5 thoughts on “Old Tricks, New Tricks

  1. Civility,

    What am I missing here? The daughter of the Vice-president of Cuba defects to the USA. How does that lay shame on mankind? How does posting that news item here make Humberto guilty of preying on humanity’s misfortune? How is reporting news “the worst crime”?

    Is Senor Murillo’s heart broken that his daughter has left home? Perhaps. So why doesn’t he pop over and visit her? Tamp isn’t that far away. Oh right, the government of Cuba won’t allow him to go. If there are criminals preying on humanity’s misfortune, their name is “Castro”. It is a crying shame they imprison the entire nation of Cuba.

  2. The action’s that you speak of, lay shame on mankind.To prey on humanity’s misfortune, the worst crime.

    @Humberto Capro, Get your own Blog!

  3. THIS SOUND LIKE A Corin Tellado PAPERBACK NOVEL OR A TELENOVELA! WITH CASTROFASCISM THROWN IN FOR POLITICAL OVERTONES!

    MIAMI HERALD: Aunt says the daughter of Cuba’s vice president defected for love. The daughter of Cuba’s vice president defected because she has a boyfriend in Florida, her family said. – BY JUAN O. TAMAYO

    The tale of the Cuban vice president’s daughter who defected may turn out to be a love story after all. Glenda Murillo went to Tampa to be with her boyfriend and not for political reasons, her aunt declared Tuesday.
    Murillo has a boyfriend in Tampa and left Cuba “for personal and not political reasons,” the aunt, Idania Diaz, told El Nuevo Herald in a polite but brief phone conversation from her home in Tampa.

    What’s more, Murillo is not married, the aunt added, regardless of what El Nuevo was told by the mystery man who answered her cell phone in Havana and claimed to be her husband.

    Murillo’s defection, first reported by El Nuevo Herald on Monday, drew intense news interest because her father is vice president of Cuba’s ruling Council of State and member of the powerful political bureau of the island’s Communist Party.

    Idania Diaz told El Nuevo Herald in a phone conversation that her niece left Cuba and was living with her in Tampa to be with her boyfriend, whom she declined to identify.

    But it was clear that Diaz spoke with the newspaper primarily to ask about the mystery man who identified himself as Murillo’s husband when the newspaper called her cell number in Havana last week to inquire about her case. The man confirmed she was in Tampa, said she would not make any comment and declined to give his name.

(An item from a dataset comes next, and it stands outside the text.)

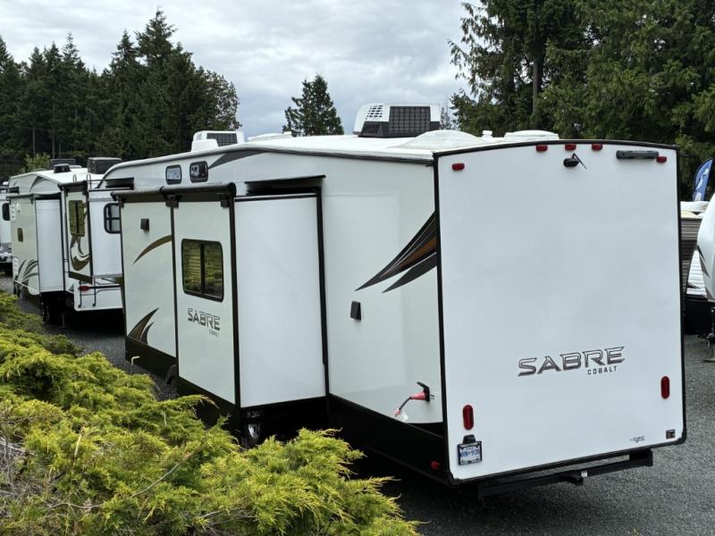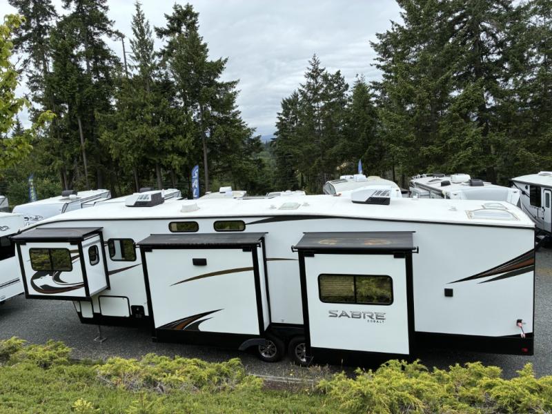 You will experience luxurious camping trips at an affordable price with any one of these Forest River Sabre fifth wheels! These models are durable and ready to travel anytime of the year thanks to features like the high-gloss gel-coat front cap with LED lighting, the PVC roof membrane, and the forced air underbelly with enclosed gate valves. The electric auto-leveling system makes setting up easy and safe, and the adjustable power awning with LED lighting will create an inviting outdoor living space. Each model includes a universal docking station which includes a black tank flush and an outside shower, and the backlit "Secure Step" landing for you to enter and exit the unit safely. Inside, you will love the design of the ambient accent lighting above the crown molding in the living area, the real wood lumbercore cabinetry, and the vintage gaslight decorative lighting!

    Diaz, who told El Nuevo that Murillo was next to her during the phone chat, confirmed the cell number called by the newspaper belonged to Murillo and added that her niece had arranged to sell the phone before she left to a man she did not know.

    “We don’t know who that might have been, the man who answered,” Diaz added.

    Diaz also noted that Murillo was happy to be in Tampa, but hung up quickly when she was asked about a report that Marino Murillo cried when he learned that his daughter had defected and was in Tampa.

    Her husband, Boris Loynaz, also told a Univision 23 television news crew outside the couple’s home in Tampa that Murillo was happy to be in the United States and declined comment on the report that the father had broken down in tears.

    CLICK FOR ENTIRE ARTICLE!

    http://www.miamiherald.com/2012/08/28/2972836/aunt-says-the-daughter-of-cubas.html

    María del Socorro Tellado López (April 25, 1927, El Franco, Asturias – April 11, 2009), known as Corín Tellado, was a prolific Spanish writer of romantic novels and photonovels that were best-sellers in several Spanish-language countries. She published more than 4,000 novels and sold more than 400-million books which have been translated into several languages. She is listed in the 1994 Guinness World Records as having sold the most books written in Spanish.